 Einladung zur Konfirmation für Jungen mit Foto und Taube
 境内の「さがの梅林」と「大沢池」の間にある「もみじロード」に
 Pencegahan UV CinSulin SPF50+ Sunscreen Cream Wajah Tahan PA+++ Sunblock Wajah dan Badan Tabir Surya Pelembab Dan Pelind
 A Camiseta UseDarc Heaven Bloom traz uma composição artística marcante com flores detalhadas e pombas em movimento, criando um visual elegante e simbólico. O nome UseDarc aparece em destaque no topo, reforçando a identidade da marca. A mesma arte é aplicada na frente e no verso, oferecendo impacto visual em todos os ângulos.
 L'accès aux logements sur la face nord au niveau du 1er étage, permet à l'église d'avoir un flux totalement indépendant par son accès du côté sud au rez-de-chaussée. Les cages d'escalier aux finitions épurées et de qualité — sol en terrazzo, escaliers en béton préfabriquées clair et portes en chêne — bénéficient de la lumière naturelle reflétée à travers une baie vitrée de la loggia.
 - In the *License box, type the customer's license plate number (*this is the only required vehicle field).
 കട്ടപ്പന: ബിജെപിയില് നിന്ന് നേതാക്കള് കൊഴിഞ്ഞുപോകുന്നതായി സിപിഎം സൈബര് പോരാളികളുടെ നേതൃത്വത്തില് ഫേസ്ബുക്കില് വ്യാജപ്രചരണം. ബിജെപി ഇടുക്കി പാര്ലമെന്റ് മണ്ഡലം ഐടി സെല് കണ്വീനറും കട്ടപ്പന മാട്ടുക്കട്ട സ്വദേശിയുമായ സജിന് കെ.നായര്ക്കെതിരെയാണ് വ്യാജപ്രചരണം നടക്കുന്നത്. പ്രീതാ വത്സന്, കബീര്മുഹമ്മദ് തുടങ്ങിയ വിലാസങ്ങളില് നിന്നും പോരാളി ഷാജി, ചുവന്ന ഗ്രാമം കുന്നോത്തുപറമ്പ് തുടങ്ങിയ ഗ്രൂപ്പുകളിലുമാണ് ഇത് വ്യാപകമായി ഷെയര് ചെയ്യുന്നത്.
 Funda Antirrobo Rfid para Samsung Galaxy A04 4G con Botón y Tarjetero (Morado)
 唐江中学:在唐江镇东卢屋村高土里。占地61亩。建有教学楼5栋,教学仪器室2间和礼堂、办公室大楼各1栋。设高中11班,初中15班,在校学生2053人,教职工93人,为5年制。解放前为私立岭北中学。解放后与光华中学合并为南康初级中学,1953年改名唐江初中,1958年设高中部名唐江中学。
====
Assignment: Copy the line containing "കട്ടപ്പന: ബിജെപിയില് നിന്ന്" exactly. Then copy every line after it through the end of the listing, and nothing more.

Written answer:
 കട്ടപ്പന: ബിജെപിയില് നിന്ന് നേതാക്കള് കൊഴിഞ്ഞുപോകുന്നതായി സിപിഎം സൈബര് പോരാളികളുടെ നേതൃത്വത്തില് ഫേസ്ബുക്കില് വ്യാജപ്രചരണം. ബിജെപി ഇടുക്കി പാര്ലമെന്റ് മണ്ഡലം ഐടി സെല് കണ്വീനറും കട്ടപ്പന മാട്ടുക്കട്ട സ്വദേശിയുമായ സജിന് കെ.നായര്ക്കെതിരെയാണ് വ്യാജപ്രചരണം നടക്കുന്നത്. പ്രീതാ വത്സന്, കബീര്മുഹമ്മദ് തുടങ്ങിയ വിലാസങ്ങളില് നിന്നും പോരാളി ഷാജി, ചുവന്ന ഗ്രാമം കുന്നോത്തുപറമ്പ് തുടങ്ങിയ ഗ്രൂപ്പുകളിലുമാണ് ഇത് വ്യാപകമായി ഷെയര് ചെയ്യുന്നത്.
 Funda Antirrobo Rfid para Samsung Galaxy A04 4G con Botón y Tarjetero (Morado)
 唐江中学:在唐江镇东卢屋村高土里。占地61亩。建有教学楼5栋,教学仪器室2间和礼堂、办公室大楼各1栋。设高中11班,初中15班,在校学生2053人,教职工93人,为5年制。解放前为私立岭北中学。解放后与光华中学合并为南康初级中学,1953年改名唐江初中,1958年设高中部名唐江中学。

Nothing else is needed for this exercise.